L'Intégration des Nouveaux Convertis Non-Arabes à l'Islam

Au milieu du VIIe siècle, l'horizon du monde musulman s'élargissait à une vitesse fulgurante. Les étendards de l'Islam flottaient bien au-delà des déserts d'Arabie, sur les terres fertiles de Perse, de Syrie et d'Égypte. Cette expansion rapide ne fut pas seulement territoriale ; elle fut aussi humaine et spirituelle, entraînant la conversion de peuples aux langues et cultures variées, un phénomène qui allait poser des défis inédits à la jeune communauté.

L'Ère des Conquêtes et les Premières Vagues de Conversion

Dès les premières années du califat, les armées musulmanes, portées par une foi et une cohésion remarquables, se sont étendues au-delà de la péninsule Arabique. Elles rencontrèrent des empires anciens et des civilisations complexes. De nombreux peuples, Perses, Coptes, Araméens ou Berbères, embrassèrent la nouvelle foi pour des raisons diverses : conviction spirituelle sincère, désir d'échapper au statut de dhimmi (protégé non-musulman) et à l'impôt de la jizya, ou encore par opportunisme social.

Le Statut des "Mawali"

Ces nouveaux convertis non-arabes, connus sous le nom de mawali (sing. mawla), ne devenaient pas automatiquement des membres de la communauté à part entière sur un pied d'égalité avec les Arabes. Pour s'intégrer, ils devaient le plus souvent devenir les clients d'une tribu arabe, un système hérité des structures sociales préislamiques. Bien que frères en religion, une distinction sociale persistait, créant une hiérarchie de fait entre les conquérants arabes et les populations locales converties. Cette situation fut une source de tensions latentes qui marquèrent profondément les décennies suivantes.

Le Défi de la Langue et de la Révélation

Le pilier central de la foi islamique est le Coran, révélé en langue arabe. Pour un converti dont la langue maternelle était le pehlevi, le copte ou le syriaque, l'accès au texte sacré représentait un obstacle considérable. La beauté et la complexité de l'arabe coranique exigeaient un apprentissage rigoureux, non seulement pour la compréhension mais surtout pour la récitation liturgique, un acte de dévotion fondamental.

La Diversité des Accents et ses Conséquences

Dans les nouvelles cités-garnisons comme Koufa, Bassora ou Fustat, des mondes se croisaient. Les maîtres arabes enseignaient le Coran à des disciples venus de tous horizons. Inévitablement, les substrats linguistiques locaux commencèrent à influencer la manière dont le texte était prononcé. Un Persan ne maîtrisait pas les mêmes phonèmes gutturaux qu'un Arabe du Hedjaz. Ces variations, bien au-delà des simples différences dialectales arabes, devenaient une source de préoccupation majeure.
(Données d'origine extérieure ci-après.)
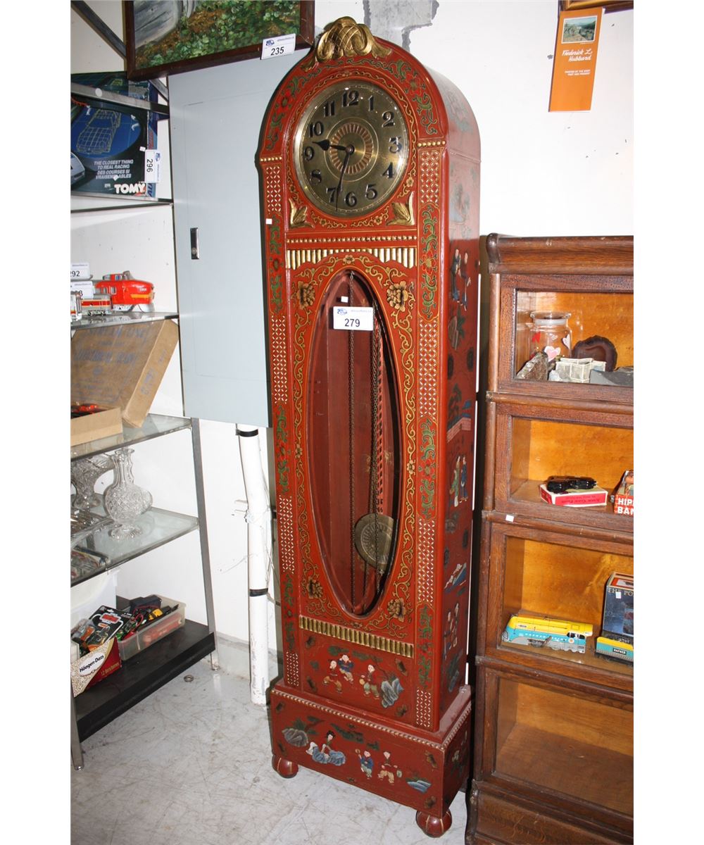 ANTIQUE GRANDFATHER CLOCK WITH ORIENTAL PAINTED CASE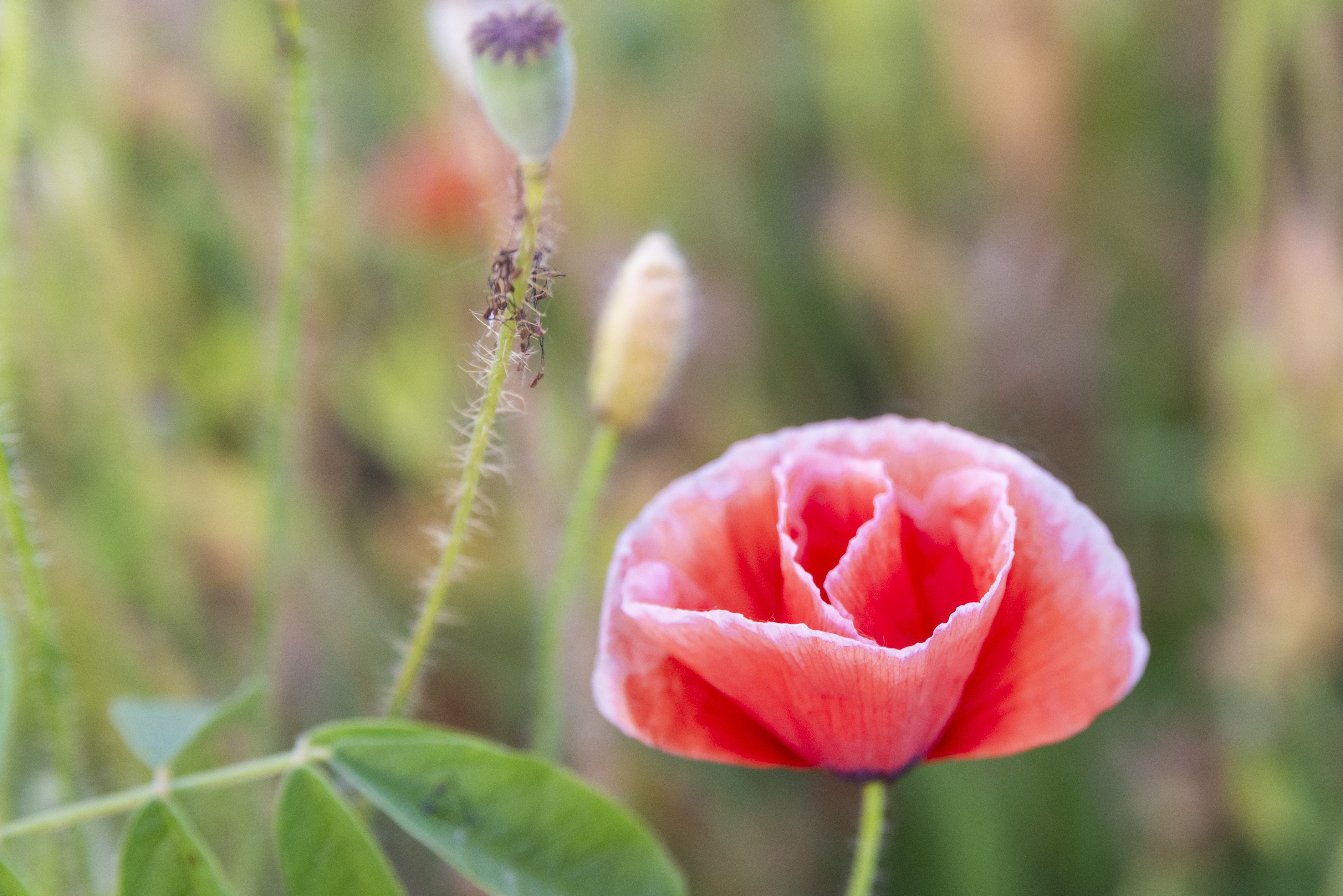 Это завораживающее изображение демонстрирует яркий красный мак в полном раскрытии, расположенный на мягко размытом фоне луга. Фотография сделана во время золотого часа, когда тёплый свет нежно освещает хрупкую текстуру лепестков и создаёт мягкие тени, подчёркивающие их естественные очертания. Вокруг основного объекта расположены зелёные стебли с тонкими волосками и незрелые бутоны, добавляя глубину и повествовательность композиции. Малая глубина резкости создаёт мечтательный эффект боке на заднем плане, привлекая внимание исключительно к насыщенному цветовому градиенту — от нежно-розовых краёв до глубокого красного центра и вельветовой поверхности. Эта сцена вызывает эфирное ощущение, будто зафиксирован момент весеннего обновления на диком цветочном лугу.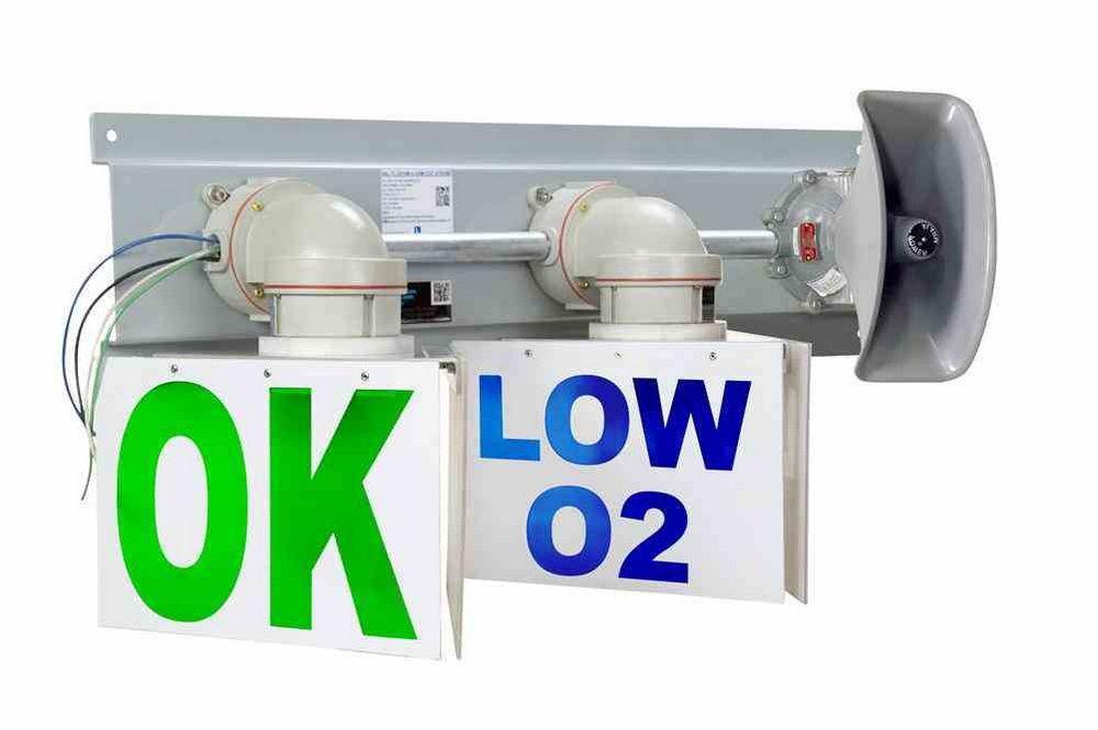 C1D2 20W LED Oxygen Level Warning Sign Light & Horn - Non-Metallic - Corrosion Resistant - 110dBA

La récitation du Coran, parole divine immuable, semblait se fragmenter en une multitude de versions orales, perçues comme des altérations potentielles du message sacré.

La Naissance de Centres d'Enseignement

Face à ce risque, une prise de conscience émergea. Il devint impératif de structurer l'enseignement de l'arabe et du Coran. Des compagnons du Prophète et leurs élèves furent envoyés dans les provinces pour y établir des cercles d'étude et diffuser une récitation aussi fidèle que possible à celle entendue de la bouche du Prophète. Ces efforts pour préserver l'intégrité du texte s'inscrivaient dans le contexte global de l'unification du texte coranique qui devenait de plus en plus urgent.

De la Divergence à la Dispute : la Menace de la "Fitna"

Les différences de récitation, initialement tolérées, commencèrent à engendrer des conflits ouverts. Des soldats venus de différentes provinces de l'empire, se retrouvant sur les champs de bataille en Arménie et en Azerbaïdjan, s'accusaient mutuellement de réciter le Coran de manière erronée. Ce qui était une question de phonétique devenait une accusation d'hérésie, menaçant de fissurer l'unité de la communauté musulmane (la Ummah).

Ces disputes virulentes firent remonter jusqu'au calife `Uthman ibn `Affan à Médine le sentiment d'un péril imminent. La crainte de la fitna, la sédition ou la guerre civile née de désaccords religieux, était dans tous les esprits. C'est ce creuset de diversité culturelle et de tensions linguistiques, né de l'intégration massive de convertis non-arabes, qui constitua l'une des raisons fondamentales poussant le calife à prendre une décision historique : standardiser le texte coranique pour préserver l'unité de la foi et de la communauté.